The Real-Estate Market Still Stinks, but Some Housing Stocks May Be Tempting
Even though drywall sales are impacted by trends in home construction, Morningstar analyst Parrish Glover noted that last year, "40 percent of sales industrywide were for repairs and remodeling."
Bruce Berkowitz, comanager of the Fairholme Fund, another deep value-oriented fund, says he too is willing "to consider housing-related companies as their prices have started to come down—but only certain ones."
Like Rogers, Berkowitz has been buying shares of Mohawk Industries, which is one of two leading players in the $25 billion flooring-products market. (The other is Shaw Industries, which is owned outright by Warren Buffett's Berkshire Hathaway.)

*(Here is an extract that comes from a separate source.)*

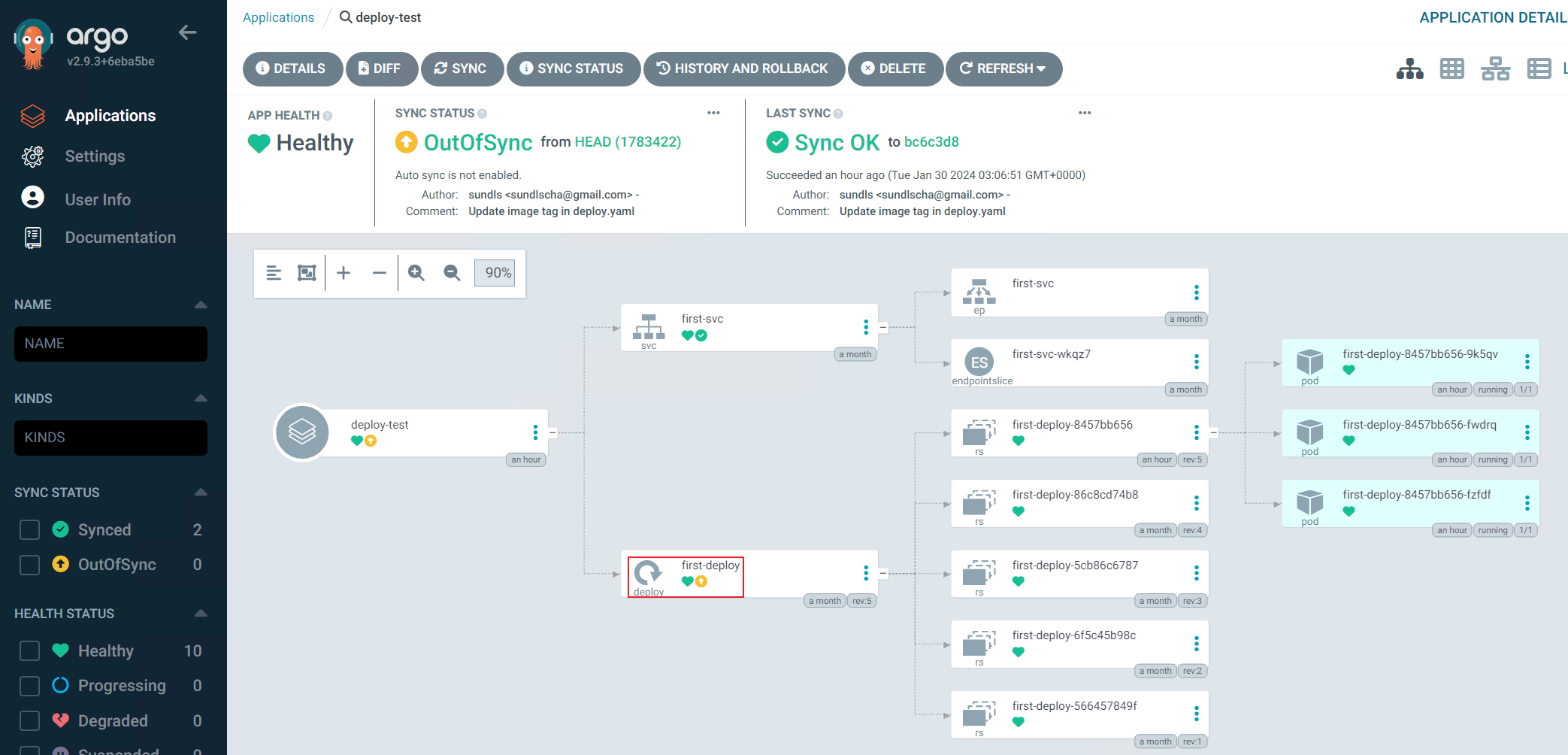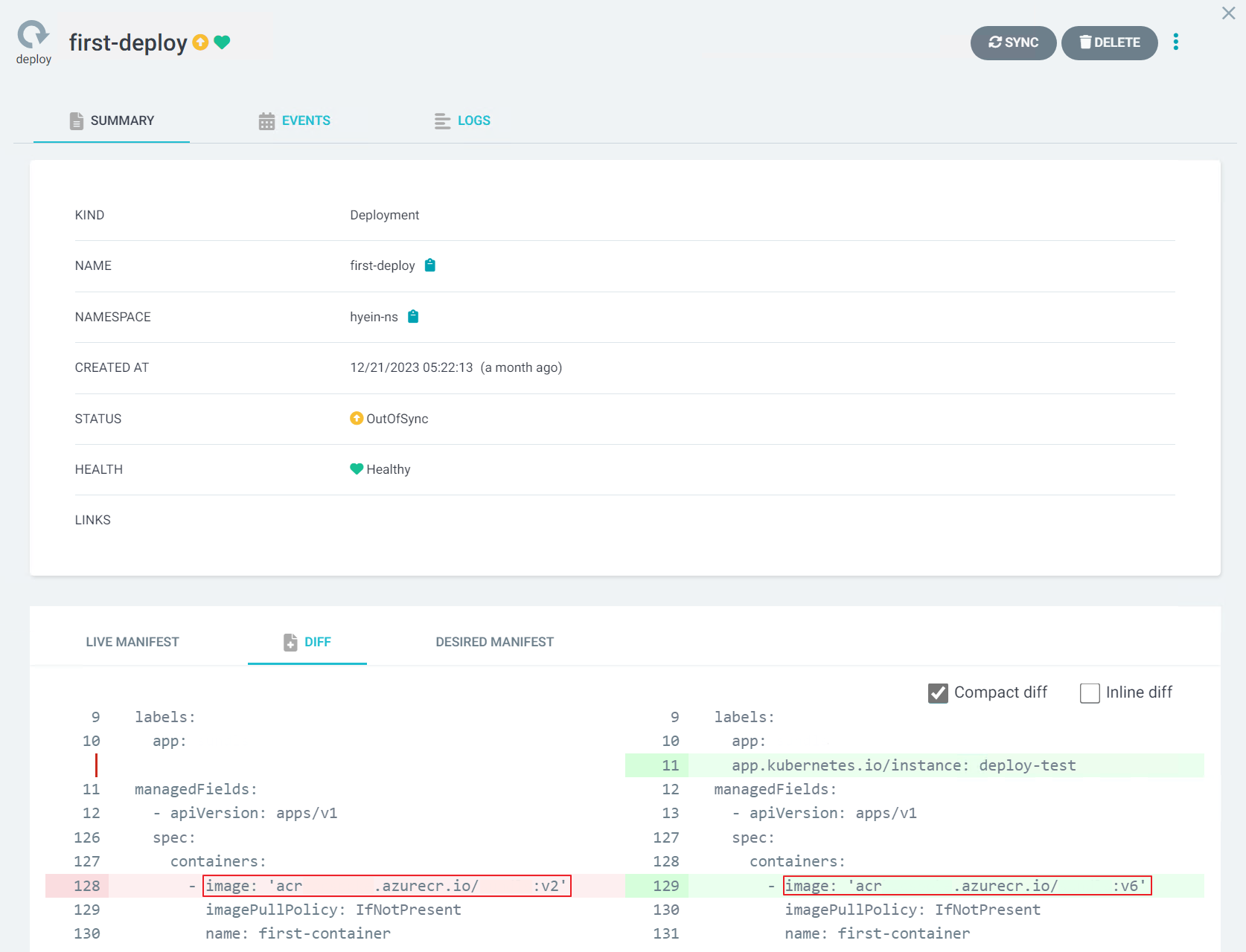 - 생성된 Application을 클릭한 후 Out of Sync가 떠 있는 Deployment를 클릭합니다.

Berkowitz says he has been eyeing Mohawk for quite some time. He noted that Mohawk is a high-quality company led by "a brilliant CEO" that generates a lot of cash. "And the stress in the residential housing market gave us an opportunity to step into the stock," he says.
Though Mohawk is affected by the slowdown in housing, Morningstar analyst John Kearney noted that it is diversified between the residential and commercial markets and that it has been growing its business through acquisitions.
Moreover, the majority of Mohawk's sales—60 percent—come from the so-called replacement market (in other words, home renovations and repairs) rather than from new construction. And Kearney notes that the replacement market has "historically shown its greatest strength when the new construction market softened."